A xenobiotic-sensing receptor is a receptor that binds xenobiotics.[1] They include the following nuclear receptors:[1]
- Constitutive androstane receptor (CAR)
- Pregnane X receptor (PXR)
CAR and PXR are xenobiotic receptors and they both are members of NR1I nuclear receptor family. The regulate the metabolic pathway for the elimination of cholesterol. However, there is no physiological ligands was identified.[2] Xenobiotic receptors recognize the foreign chemicals and trigger detoxification and metabolism pathways in different host tissues.[3]
Functions[edit]
Several genes involved in cytochrome P450, phase I, and glucuronosyltransferases conjugation catalysis in phase II are regulated by phenobarbital(PB) as well the transport mediated pathways of drug elimination. Induction of PB in xenobiotic-metabolizes of cytochromes CYP2b undergoes a transcriptional process, thus raising mRNA levels.[2] Expression of the CAR summarized in a UniGene database, mainly in the kidney, liver, sometimes in the heart, GI tissues, and the human brain tissues. PB in the past ten years has been shown as an enhancer that is responsive to human(PBREM), rat(CYP2B), and the mouse; Constitutive Activated Receptor(CAR) identified was depicted to bind DR-4 motifs. The circulating thyroid hormone levels can be regulated by CAR. TH pathways of conjugation can be induced in PB treatment in a way that can lead to reductions that are fast-induced in T4 levels and serum triiodothyronine and finished serum thyroxine(T4).
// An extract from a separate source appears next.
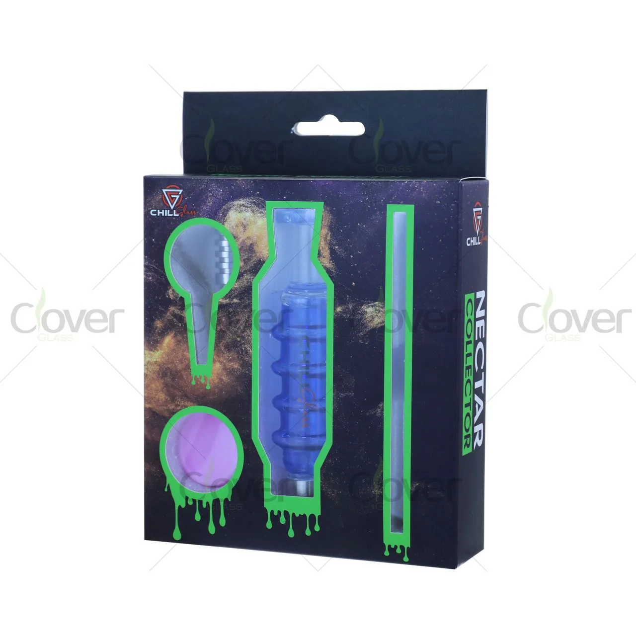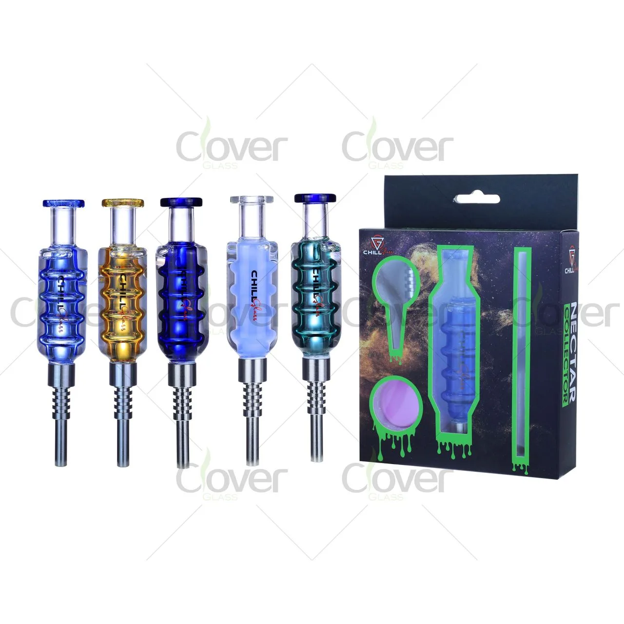 Elevate your dabbing game with the Chill Glass 8" Nectar Collector Kit, a compact and stylish setup built for flavor chasers. This all-in-one set includes 1 nectar collector body, 1 titanium nail, 1 glass straw, and 1 silicone dish, all neatly packed in a premium retail-ready gift box.

Phase II and I enzymes PXR carries out induction. Expression of PXR is mainly evident in the liver, testis, human embryonic tissues, GI tract, and liver of the mouse. Research carried out on macrolide antibiotics, and glucocorticoids induction of CYP3A were perceived to utilize glucocorticoid receptor. This was explained by the induction of the CYP3A relationships obtained from the steroid structure-activity evaluation results. Research conducted in 1998 said that PXR was responsible for the induction of CYP3A and differences in the species in the induction of CYP3A by RIF and PCN. Based on this and other investigations, PXR has been perceived as a xenobiotic regulation mediator of CYP3A.
CAR has been depicted to be linked with a cofactor transcriptional induced by homeostasis energy regulation and fasting. Hemostasis of BA also aids in keeping the correct cholesterol levels. CAR can also impact gluconeogenesis regulation mediated by a transcription factor; the transcription factor binding can be regulated to Insulin Response Sequence(IRS). PXR protects the body from bile acid toxicity. Regarding the cholesterol levels regulation by CAR, PXR-null mice pretreatment using TCPOBOP does not reduce danger to cholesterol; therefore, toxicity from cholesterol can be controlled using PXR.
References[edit]
- ^ a b Timsit YE, Negishi M (March 2007). "CAR and PXR: the xenobiotic-sensing receptors". Steroids. 72 (3): 231–46. doi:10.1016/j.steroids.2006.12.006. PMC 1950246. PMID 17284330.
- ^ a b Klaassen C, Lu H (2010). "Xenobiotic Receptors CAR and PXR". Nuclear Receptors. Dordrecht: Springer Netherlands. pp. 287–305. doi:10.1007/978-90-481-3303-1_11. ISBN 978-90-481-3302-4.
- ^ Erickson SL, Alston L, Nieves K, Chang TK, Mani S, Flannigan KL, Hirota SA (February 2020). "The xenobiotic sensing pregnane X receptor regulates tissue damage and inflammation triggered by C difficile toxins". FASEB Journal. 34 (2): 2198–2212. doi:10.1096/fj.201902083rr. PMC 7027580. PMID 31907988.